Think flowers are only for looking beautiful? Think again. The lavender in this blueberry lavender smoothie bowl pairs so well that you’d never think you were eating something floral-y. You’re going to want to add this to your smoothie rotation this summer for sure!
Do you ever play out an event in your head and assume that you know exactly how it’s going to go? I mean, we all do this, right? You have expectations of how your days are going to go. Or you have an idea of how an event will play out.
Yet it doesn’t always go as planned, does it?
For example. I have been a working-outside-of-the-home mom for the last 6 years until last July when I made the switch to work for myself from home full time. My son has never really gotten a summer vacation like all the other kids because he always had to get up early to get to summer day camp while I went to work. I always felt bad that he wouldn’t get the full summer vacation experience that I got as a kid.
So going into summer break, I had all these plans as my first summer as a work-at-home-mom.
Yesterday was day one. All I can say is YIKES. I am definitely nervous for how the rest of the summer will go.
I had plans of waking up early and getting a few hours of work done before the kiddo got up. Then I’d make breakfast, and work for another hour or so while he relaxed. After that, we’d do some sort of fun activity together, and he’d be so appreciative and grateful to have me home with him during the day. I wouldn’t stress about work that wasn’t getting done. I’d feel gratitude for getting to play with my son during the summer.
Because he would be so appreciative of my time home, he would have zero qualms with the summer rules regarding chores, screentime, and quality reading time. He would quietly play on his own in the afternoons after our morning together so I could get some work done.
That is how it went in my head.
The reality of the matter is that I need to let go of any and all expectations I have regarding working and summer.
First thing’s first. I woke up early but the house was about 80 degrees and I could barely think straight because of the heat. So the thought of getting any work done was absolute nonsense. I kind of just sat there feeling miserable.
(PS, anyone know how to win the battle over the A/C with a frugal spouse??)
Secondly, once the kiddo got up and I introduced the screentime rules, the meltdown began. For the record, they were very reasonable rules. Like no more than 90 minutes of screentime at once, then you move on to something else, whether it be chores, reading, creativity, exercise, outside play, etc. Only when I determine that enough time and activity has passed can a screen turn on again. That apparently was blasphemy.
And then to kick off the summer, I decided to take the kiddo to the library to sign up for the summer reading challenge, which we do every year. To make it even more fun, we went to the super cool and fancy library downtown that we never go to because it’s not as close as the others. I thought I’d win mom of the year award with that one. (We’re library nerds… it doesn’t take much.) Well, the library was cool and all, but it was only fun while it lasted.

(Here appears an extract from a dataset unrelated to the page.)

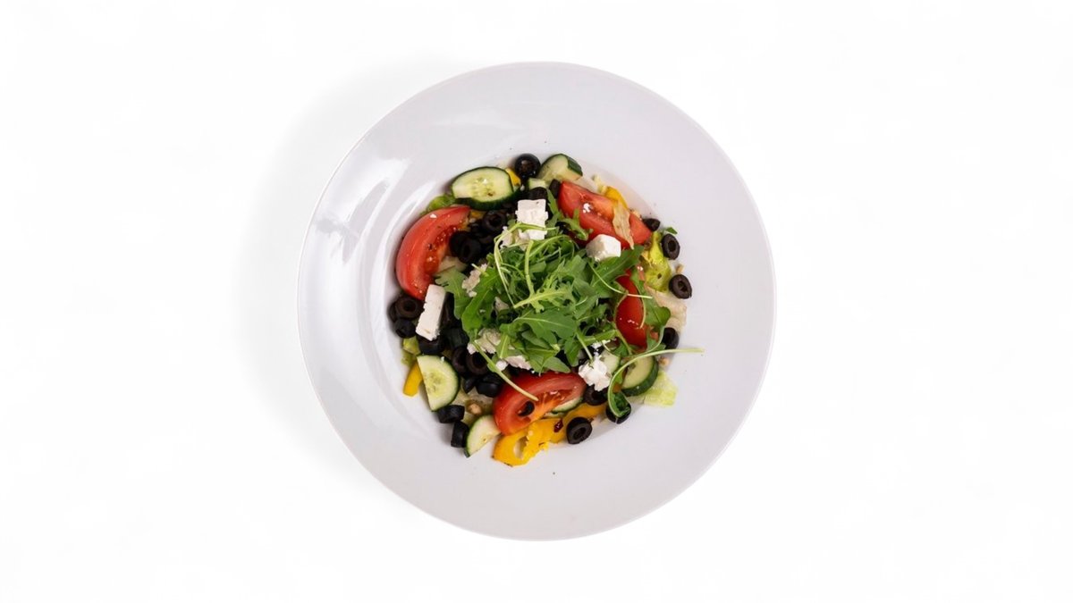ledový salát, rukola, rajčata, okurka, paprika, balkánský sýr, olivový olej

By the time we got to the store and I wouldn’t allow treats to be eaten before lunch, the fun was forgotten and I was no longer a hero. Instead, I was given the stink eye from the back seat of the car all the way home and all while I was making lunch. Really? Is this how it’s going to go? Oh, and how dare I make you eat at the table with me away from the G.D. tv screen!
So that was that. Halfway through day one of summer break, and I was already feeling the heat, both figuratively and literally. I was spending way too much time arguing and reasoning and not enough time trying to enjoy his company.
Finally, at 3:00 in the afternoon, once he had earned his screen time back, I was able to sit back at my desk to edit these gorgeous smoothie bowl pictures. Thank goodness they were ridiculously photogenic because I was in no mood to spend much time on them.
Oh! And let me tell you – as soon as those 90 minutes of screen time were up, he was back up in my office bored out of his mind. There was no quiet play. There was no independence. Without the screen, I’m not sure he knows what to do.
Those 15 books from the library he was excited about 5 hours earlier meant nothing. The puzzle he got out to start was way too lame. The idea he had to write a story meant absolutely nothing to him. Getting outside was out of the question cause 93 degrees is just too dang hot (I’ll give him that)!
Is this going to be the new norm of my summer? Not starting work until mid-afternoon? Having to argue day after day with an almost-tween who just wants to be connected to a screen?
Please help me.
I have to say that I am going to have to search for the little things this summer because I’m not sure how else to do it. The joys in family walks after dinner. The joys in eating outside on the patio. The joys in getting to spend time at the pool during the day while everyone’s at work. The joys in getting to make and eat elaborate smoothie bowls to cool us off from the heat.
The joys that my kid is really only this cute age once (yes, there were quite a few cute moments throughout the day).
These are the things that I’ll remind myself when I ask why the hell I chose to be a work-at-home-mom.
And in the meantime, I’m taking my smoothie bowl and hiding in a closet. There is no other way this summer. This is all.